The one credit you can give Sky is that it is keenly aware of its own problems and market challenges, and for a corporate behemoth, has a comparatively fast response to change, which is genuinely rare. It has turned having no return path into an advantage (through premium-rate telephony) and managed to build a formula where it can get a very early payback on its high customer acquisition cost. Recently, we have seen "create your own package" on our TV screens and a monstrously large advertising campaign boasting of content credentials. That kind of defensive behaviour is arguably symptomatic of a company on the ropes. The only question now is when the death punch will come. Sky's executives will tell you they are taking a breath and lying in wait to strike once the whole herd has gathered in its sights. It's a lovely spin, but that's all it is.
NTL is already looking at buying out Virgin Mobile (the virtual mobile carrier powered by T-Mobile's network) to provide the slightly ridiculously-named ‘quadruple play' that is one hallowed step further than the trusted ‘triple play' that Sky is trying to fend off by providing itself. Consolidated cable is a very serious threat, as is competition from the incumbent telco, BT. Sky's strategy of dividing and conquering (investing in Freeview, selling premium channels to its competitors etc) has worked so far, but the renewed vigour of its nearest pay TV rival who can, along with ISPs, exploit its Achilles heel of not being able to provide true video on-demand (general video, not just movies) is a worrying development, whether it is conceded publicly or not.

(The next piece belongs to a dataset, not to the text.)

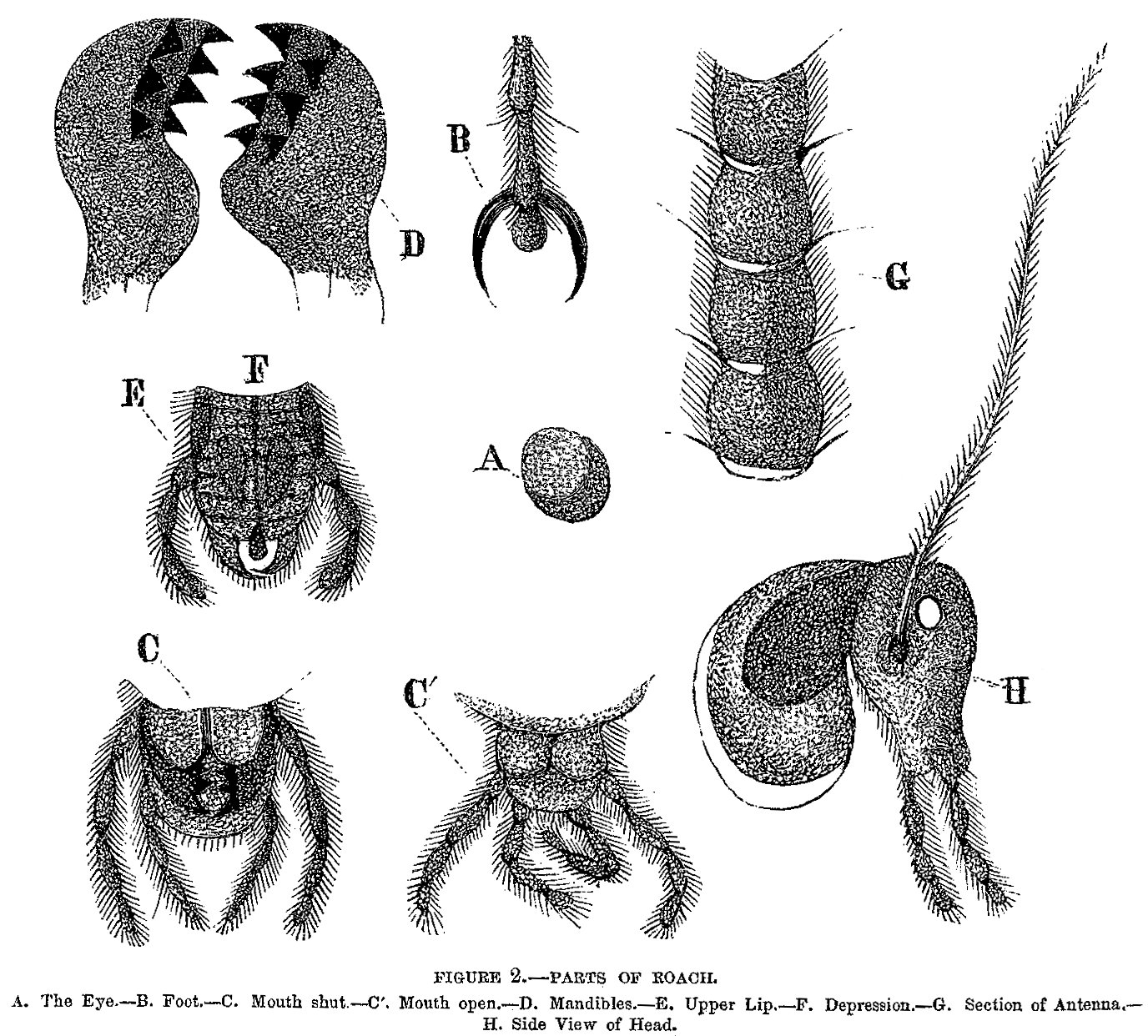 "Figure 2.—Parts of roach. A. The Eye.—B. Foot.—C. Mouth shut.—C'. Mouth open.—D. Mandibles.—E. Upper lip.—F. Depression.—G. Section of antenna.—H. Side view of head." From context, this is Periplaneta americana

High above the playing field
A well-kept secret is Sky's "Freesat" service that has been formally introduced to again drive up subscriber statistics, get viewing cards into homes that could upgrade to premium packages, and placate Ofcom. Before the days when such a nice brand was developed for it, anyone could purchase a "Solus" viewing card for their own satellite equipment that would enable them to decrypt public service channels (such as ITV, Channel and Five) broadcast using Videoguard CA scrambling system. Freesat has an ever-growing take-up rate when people realise they can dump the bloated monthly subscription charges to view just the FTA (free to air, or "in the clear") channels that are broadcast over the UK via the Astra and Eutelsat networks. Add a virtual army of telcos and ISPs looking to provide interactive services that are complimentary to existing Free-to-air platforms (Freeview, FreeSat) and the playing field is closing in rapidly. Yes, buying Easynet has given Sky a way of building a hybrid service that uses a broadband back channel, but this again is smoke and mirrors, as will be explained later.